Obviously, what you need to do to test this possibility is _add a new outgroup_
which, with enough certainty, lies outside the smallest clade formed by the
entire ingroup.
Plain as day, no?
> I followed Nesbitt/Irmis changing nothing but adding taxa in a TEST of
> their work.
That wasn't a test.
> > Remember: if you don't explicitly specify an outgroup, PAUP* uses
> > the first (topmost) OTU as the outgroup.
> >
> > In this case, you'd either have to use *Huehuecuetzpalli* as the
> > outgroup or add a non-crown-diapsid outgroup to the matrix.
>
> Which means you have to KNOW something about the entire spectrum of
> amniote relations before embarking on making your taxon list.

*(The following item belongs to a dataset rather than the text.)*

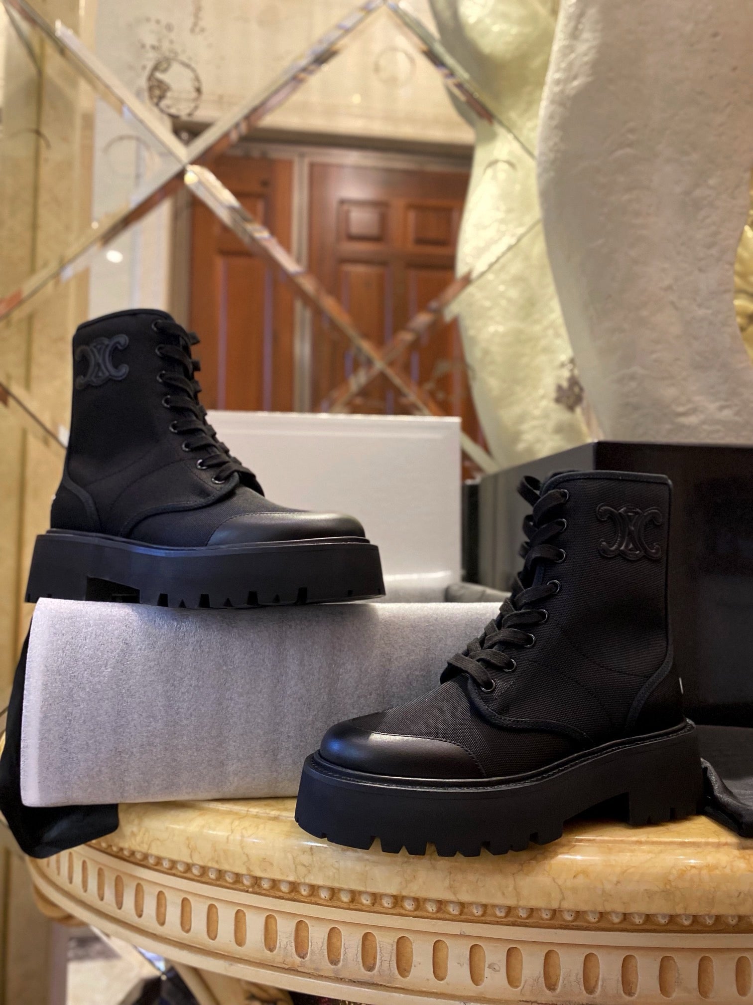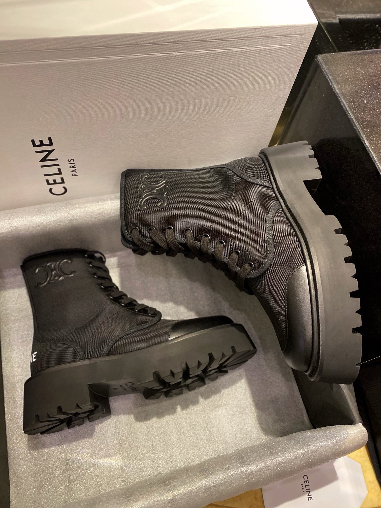 셀린느 나일론 벌키 레이스업 부츠(CELINE Nylon Bulky Lace-up Boots) - 실용적이면서도 감각적인 스타일링
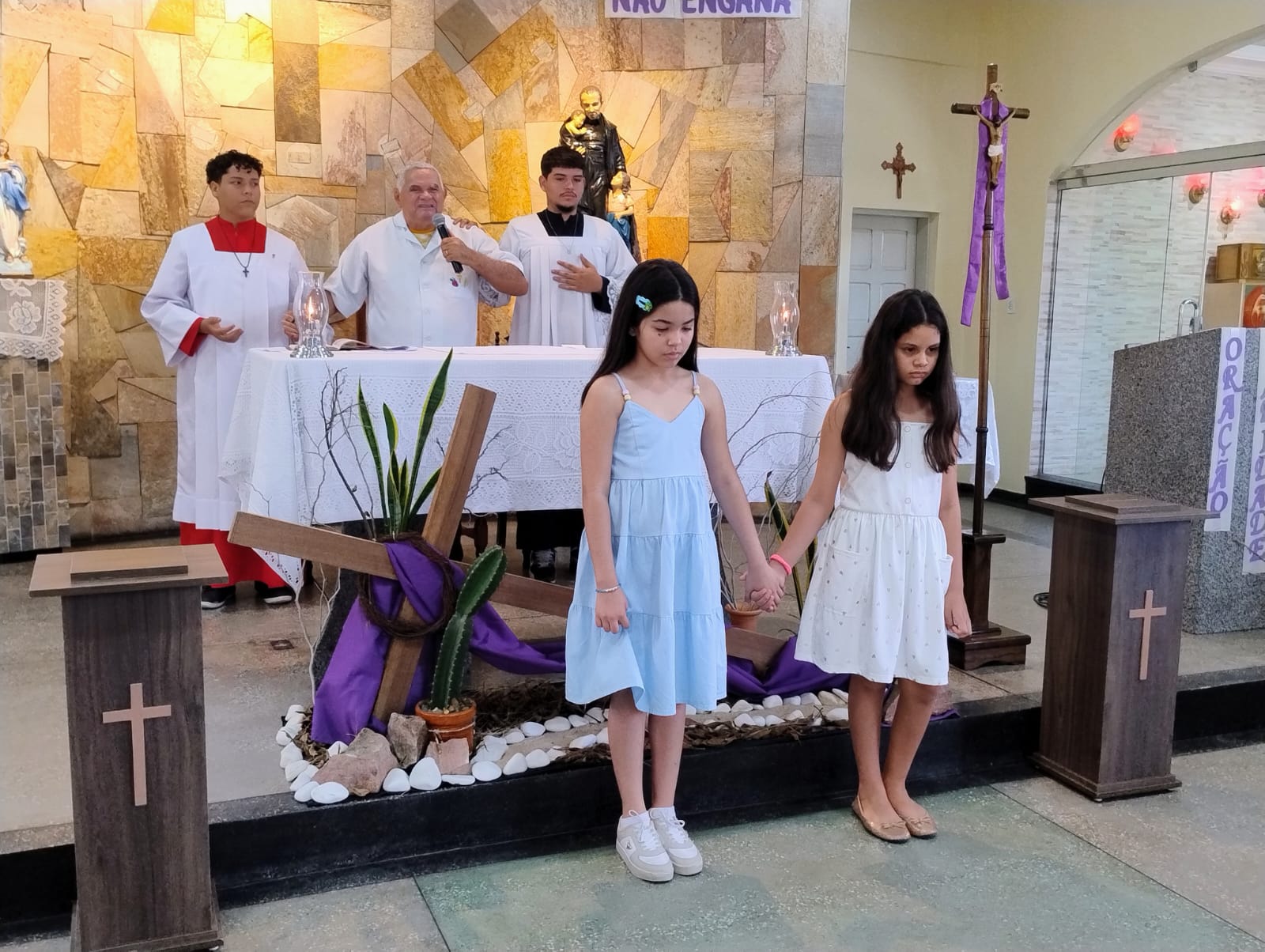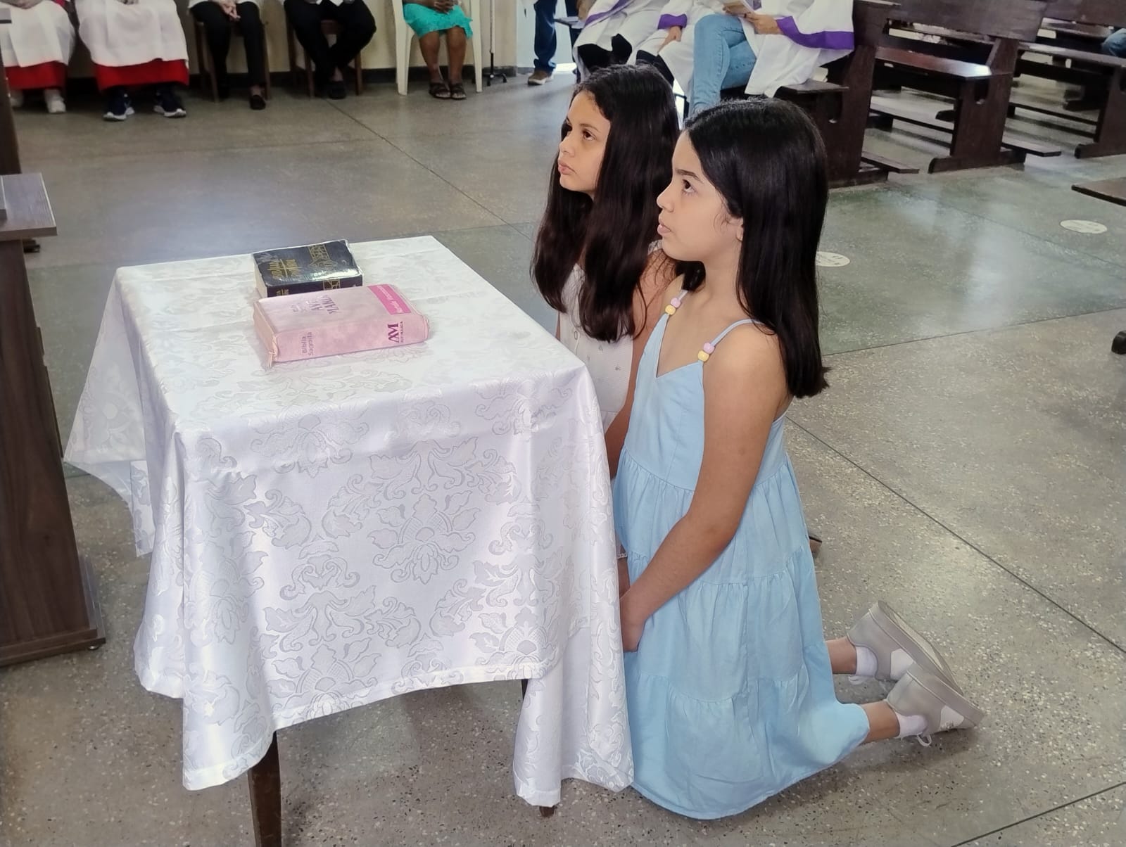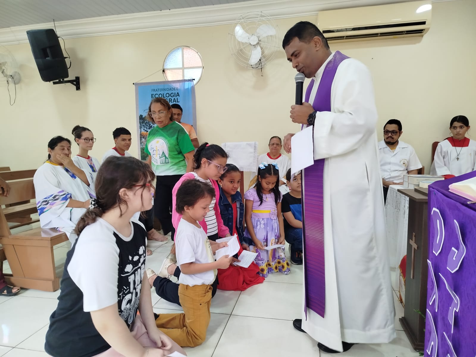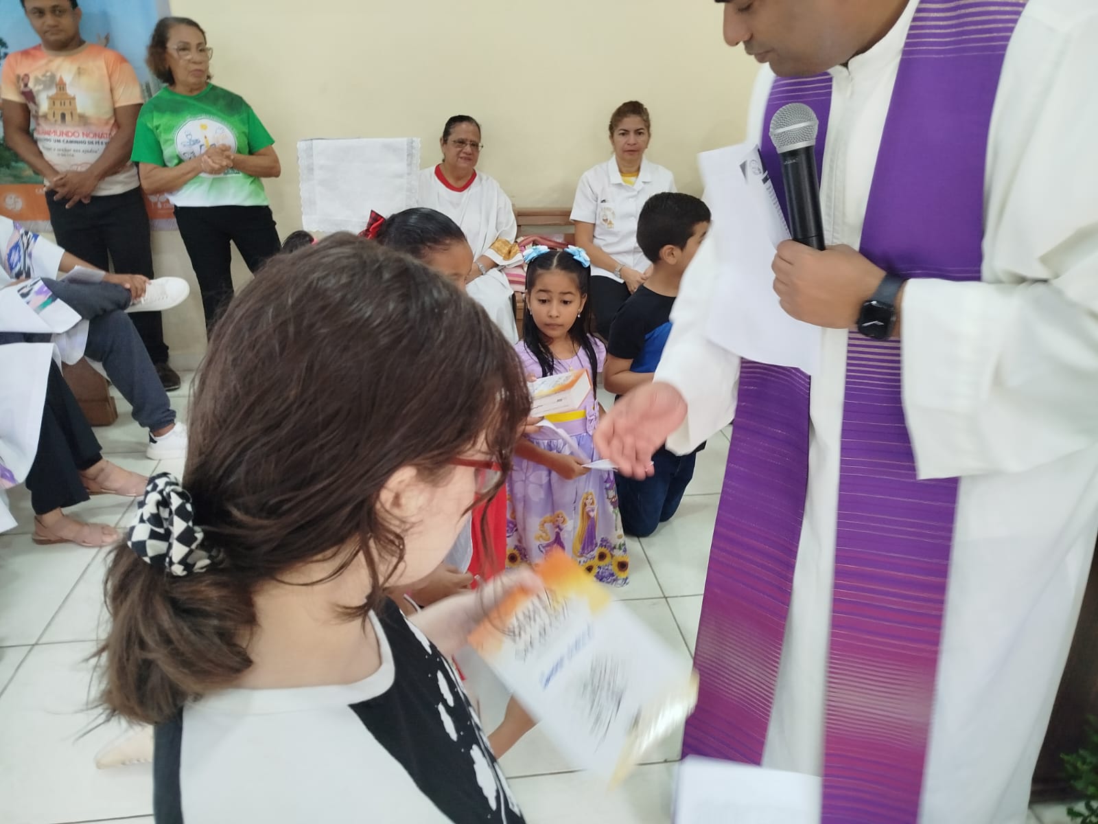 Neste domingo 06/04/025, na Paróquia São Raimundo Nonato, realizou-se o Rito da Entrega da Palavra nas três comunidades pertencentes à paróquia: nas Comunidades Beata Maria Assunta e São Raimundo Nonato a missa foi presidida por Pe John Paul; na Comunidade São Vicente de Paulo quem realizou o Rito foi o Ministro Extraordinário da Comunhão Eucarística, Sr Ferreira. O centro deste Rito não é o livro, mas sim a Palavra de Deus que está contida nele, o gesto ritual recorda a entrega da tradição recebida em torno da Sagrada Escritura. Por isso o livro bíblico já foi adquirido pelo catequizando, mas a entrega da Palavra é realizada pela Comunidade. Os celebrantes orientaram os catequizandos sobre a importância da Bíblia na caminhada de fé e na vida de maneira geral.

Not just
> follow the paradigm.
>
> The paradigm needs testing.
Yes.
To root a cladogram by an outgroup, you need to assume that the ingroup is
monophyletic with respect to the outgroup. This assumption can only be tested
by an analysis with a bigger sampling, where both the ingroup and the outgroup
of the smaller analysis are part of the ingroup of the bigger analysis. To find
out if Nesbitt et al. screwed up by assuming the pterosaurs are part of their
ingroup, you need to conduct a bigger analysis, say with the crown of Diapsida
as the ingroup and the araeoscelidians as the outgroup, for example.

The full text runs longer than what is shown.